3. Adjudication method (e.g., 2+1, 3+1, none) for the test set

   • For the Method Comparison (Clinical Samples), the samples were "blind labeled and compared to GC/MS results." The results from the three "Viewer" (laboratory assistants) were individually recorded and compared to the GC/MS. There is no explicit "adjudication method" described where multiple human readers' opinions are combined to form a consensus before comparison to ground truth. Instead, individual human readings (referred to as "Viewer A, B, C") were directly compared to the GC/MS ground truth.
   • For the Lay-User Study, each participant interpreted their own test and results were compared to GC/MS. No adjudication method among lay users is mentioned.

4. If a multi reader multi case (MRMC) comparative effectiveness study was done, If so, what was the effect size of how much human readers improve with AI vs without AI assistance

   • This document describes the performance of immunochromatographic assay devices for drug detection, which are qualitative diagnostic tests, not AI-powered image analysis tools.
   • Therefore, an MRMC comparative effectiveness study comparing human readers with and without AI assistance was NOT performed or applicable for this device type. The "Viewers" mentioned in the method comparison are human operators reading a physical test strip/cassette/cup/dip card.

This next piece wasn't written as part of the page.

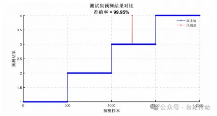 從圖5中可以看出,本文的測試集樣本總數(shù)為2000個。BP神經(jīng)網(wǎng)絡(luò)的診斷算法在這些測試樣本上的識別率達(dá)到了99.95%,這充分表明了該算法在故障診斷中的高效性和準(zhǔn)確性。這一結(jié)果驗(yàn)證了模型在處理實(shí)際數(shù)據(jù)時(shí)的出色性能,進(jìn)一步證明了其在實(shí)際應(yīng)用中的有效性。

5. If a standalone (i.e. algorithm only without human-in-the loop performance) was done

   • This device is an immunochromatographic assay. It is a physical test that produces a visual result (colored lines) which is then interpreted by a human. There is no "algorithm only" performance component. The device's performance is intrinsically linked to human interpretation of its visual output.
   • The closest to "standalone" performance are the analytical studies (precision, cut-off, interference, specificity) where the chemical reaction and visual readout are evaluated, but even then, a human reads the result.

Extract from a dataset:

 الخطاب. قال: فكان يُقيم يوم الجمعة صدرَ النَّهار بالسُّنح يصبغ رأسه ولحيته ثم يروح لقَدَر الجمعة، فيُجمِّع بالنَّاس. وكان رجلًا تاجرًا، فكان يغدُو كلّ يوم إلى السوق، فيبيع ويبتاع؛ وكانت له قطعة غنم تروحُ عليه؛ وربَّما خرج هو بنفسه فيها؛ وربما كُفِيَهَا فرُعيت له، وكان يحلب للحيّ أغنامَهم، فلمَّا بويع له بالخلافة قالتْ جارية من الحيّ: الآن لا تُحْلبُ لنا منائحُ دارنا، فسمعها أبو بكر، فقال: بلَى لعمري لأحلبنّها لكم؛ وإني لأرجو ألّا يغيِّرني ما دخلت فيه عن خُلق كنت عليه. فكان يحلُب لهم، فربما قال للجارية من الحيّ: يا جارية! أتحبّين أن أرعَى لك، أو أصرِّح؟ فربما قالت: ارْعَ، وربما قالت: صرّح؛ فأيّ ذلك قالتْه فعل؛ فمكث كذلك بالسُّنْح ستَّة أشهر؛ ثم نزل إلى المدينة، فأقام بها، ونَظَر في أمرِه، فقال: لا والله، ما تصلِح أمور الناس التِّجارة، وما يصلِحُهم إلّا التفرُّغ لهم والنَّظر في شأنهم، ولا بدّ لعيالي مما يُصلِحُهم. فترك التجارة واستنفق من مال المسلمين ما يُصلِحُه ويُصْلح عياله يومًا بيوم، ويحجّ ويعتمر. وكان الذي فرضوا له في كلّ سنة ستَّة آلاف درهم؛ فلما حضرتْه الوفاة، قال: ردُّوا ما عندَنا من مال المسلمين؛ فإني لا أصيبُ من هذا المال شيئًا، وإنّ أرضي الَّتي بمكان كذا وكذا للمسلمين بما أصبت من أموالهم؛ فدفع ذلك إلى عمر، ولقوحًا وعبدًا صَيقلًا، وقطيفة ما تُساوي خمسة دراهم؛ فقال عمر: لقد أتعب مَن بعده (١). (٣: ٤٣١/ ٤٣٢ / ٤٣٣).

6. The type of ground truth used (expert consensus, pathology, outcomes data, etc)

   • The primary ground truth used for all performance evaluations (precision, cut-off, interference, specificity, method comparison, lay-user study) was GC/MS (Gas Chromatography/Mass Spectrometry). This is a highly accurate analytical measurement of drug concentration.

7. The sample size for the training set

   • This document describes the performance evaluation of a rapid diagnostic test (immunochromatographic assay). These types of tests are typically developed through chemical and biological engineering, not through machine learning models that require "training sets" in the computational sense.
   • Therefore, there is no "training set" sample size listed in this context.

8. How the ground truth for the training set was established

   • As there is no "training set" for a machine learning model, this question is not applicable to the described device.